DATA TO EXAMINE:

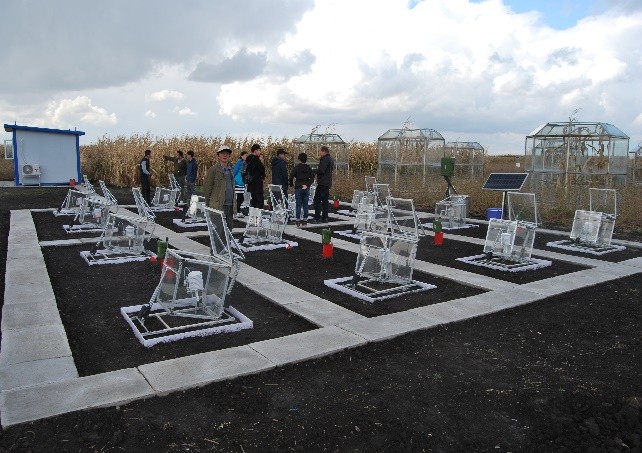 會議期間,與會專家前往海倫站參觀了系列長期定位實驗平臺,并考察了新建的“黑土農(nóng)田土壤養(yǎng)分循環(huán)實驗平臺”。該研究平臺是海倫站建站以來,田間實驗平臺中科技含量最高,經(jīng)費投入最多的實驗平臺,實現(xiàn)了田間原位、同步和實時觀測土壤溫室氣體通量及其穩(wěn)定同位素豐度的動態(tài)變化。在現(xiàn)場,專家從實驗處理的設(shè)置、儀器測量的準(zhǔn)確性以及觀測系統(tǒng)的穩(wěn)定性等方面提出了建設(shè)性意見和建議,為后續(xù)研究平臺的順利運行提供了保障。
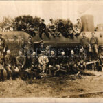 Magyar vasutasok és gőzmozdony, vonat / Hungarian railwaymen and locomotive, train. photo (fl)
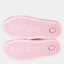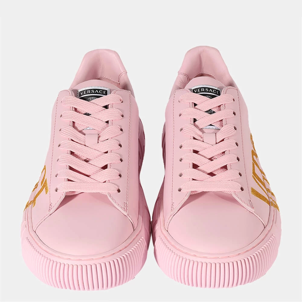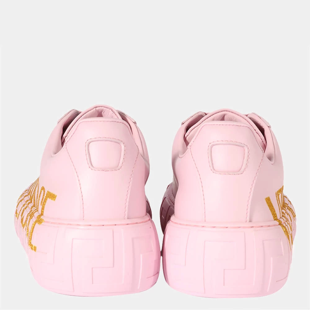 Embrace everyday chic styling with these attractive Versace low-top sneakers. Distinguished by sleek, clean lines, this stylish pink pair features a leather upper, a lace-up front, the graphic Greca pattern on the midsole, a lateral logo in a golden hue, and a hidden Medusa on the outsole at the heel.
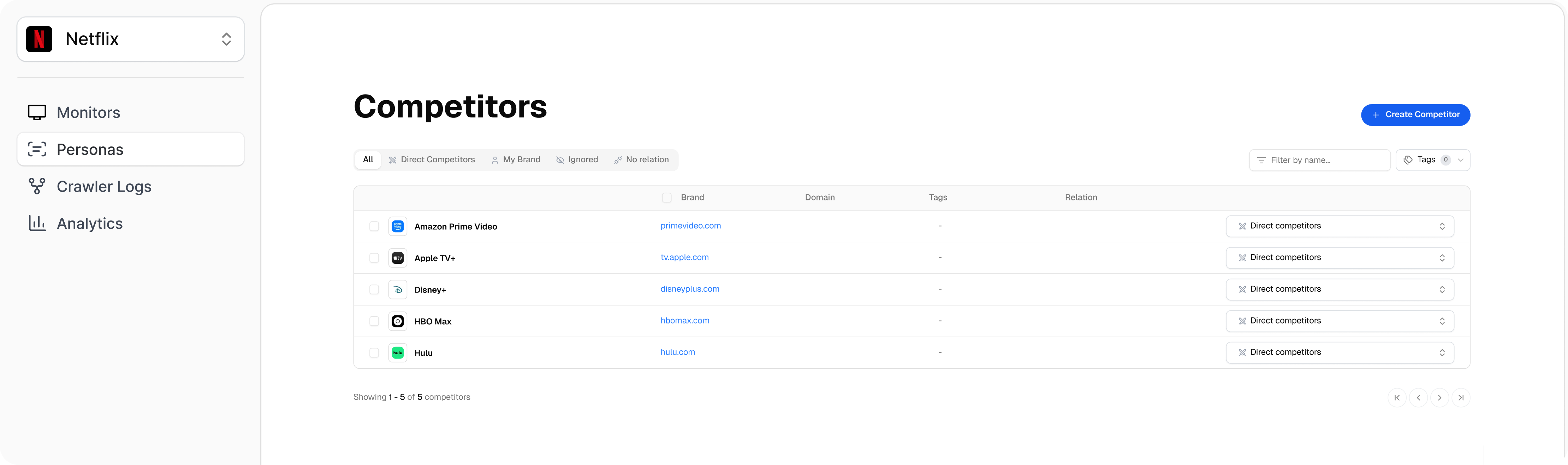 Tip: Don’t chase every competitor. Focus on the 2–3 whose content overlaps most with your monitored prompts, they define the real battle for AI visibility in your space.
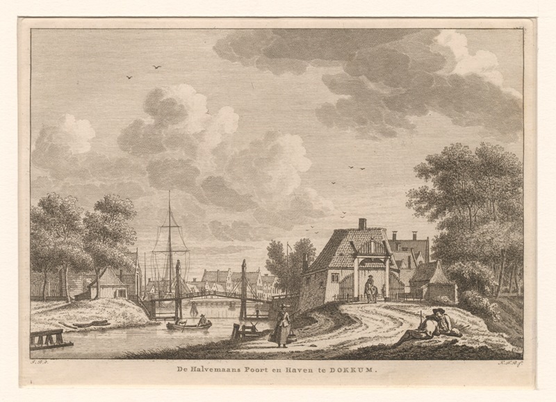 Gezicht op de Halvemaanspoort en Haven te Dokkum
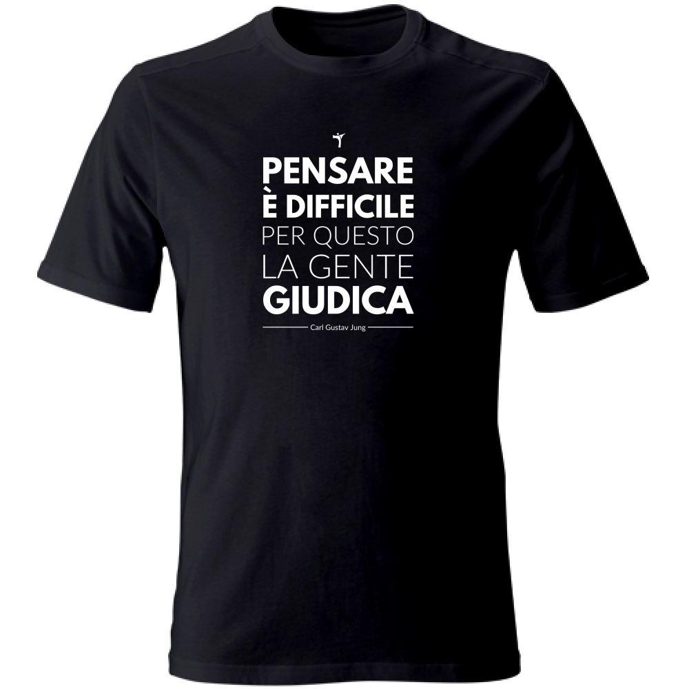 La frase di Carl Jung, “Pensare è difficile, per questo la gente giudica”, si fa portavoce di un messaggio potente e attuale, esaltato da un design minimalista.
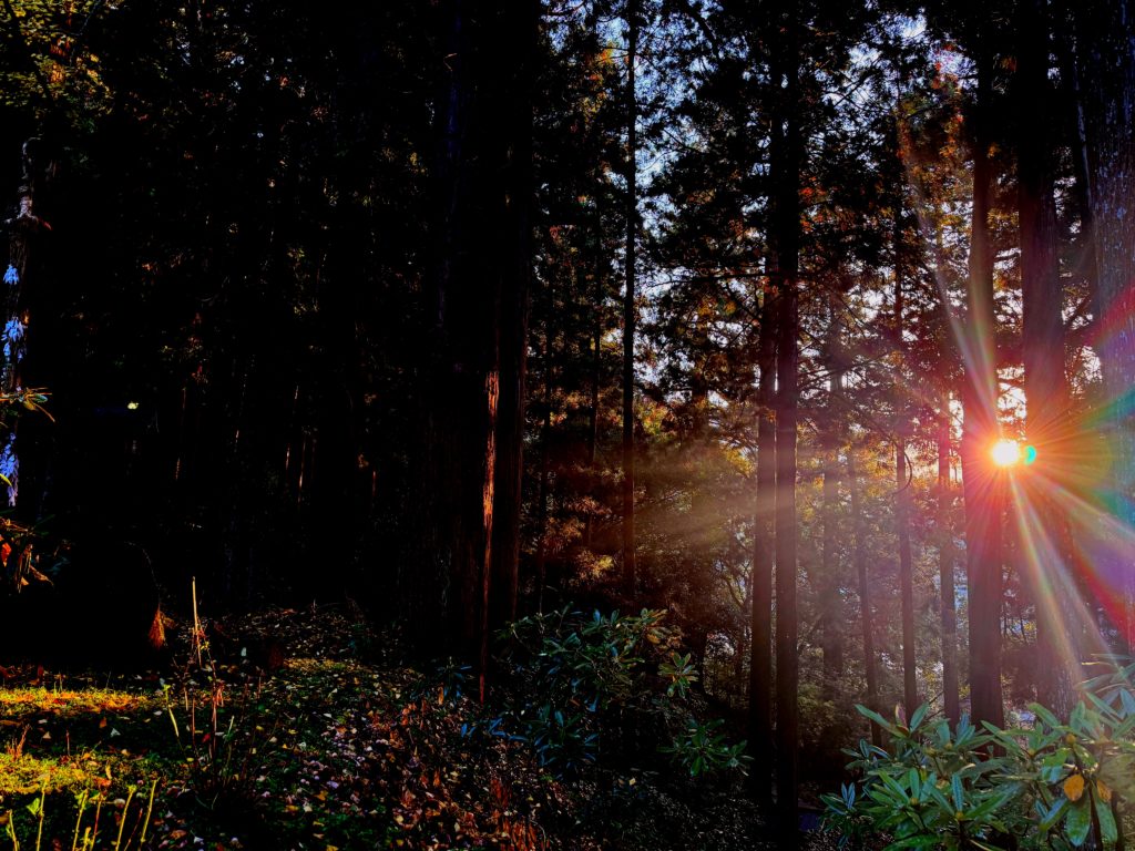境内に朝日が入ってきました!

TASK OBJECTIVE: Excluding the pictures, transcribe all of the entries exactly.

ANSWER FOR THE TASK:
 會議期間,與會專家前往海倫站參觀了系列長期定位實驗平臺,并考察了新建的“黑土農(nóng)田土壤養(yǎng)分循環(huán)實驗平臺”。該研究平臺是海倫站建站以來,田間實驗平臺中科技含量最高,經(jīng)費投入最多的實驗平臺,實現(xiàn)了田間原位、同步和實時觀測土壤溫室氣體通量及其穩(wěn)定同位素豐度的動態(tài)變化。在現(xiàn)場,專家從實驗處理的設(shè)置、儀器測量的準(zhǔn)確性以及觀測系統(tǒng)的穩(wěn)定性等方面提出了建設(shè)性意見和建議,為后續(xù)研究平臺的順利運行提供了保障。
 Magyar vasutasok és gőzmozdony, vonat / Hungarian railwaymen and locomotive, train. photo (fl)
 Embrace everyday chic styling with these attractive Versace low-top sneakers. Distinguished by sleek, clean lines, this stylish pink pair features a leather upper, a lace-up front, the graphic Greca pattern on the midsole, a lateral logo in a golden hue, and a hidden Medusa on the outsole at the heel.
 Tip: Don’t chase every competitor. Focus on the 2–3 whose content overlaps most with your monitored prompts, they define the real battle for AI visibility in your space.
 Gezicht op de Halvemaanspoort en Haven te Dokkum
 La frase di Carl Jung, “Pensare è difficile, per questo la gente giudica”, si fa portavoce di un messaggio potente e attuale, esaltato da un design minimalista.
境内に朝日が入ってきました!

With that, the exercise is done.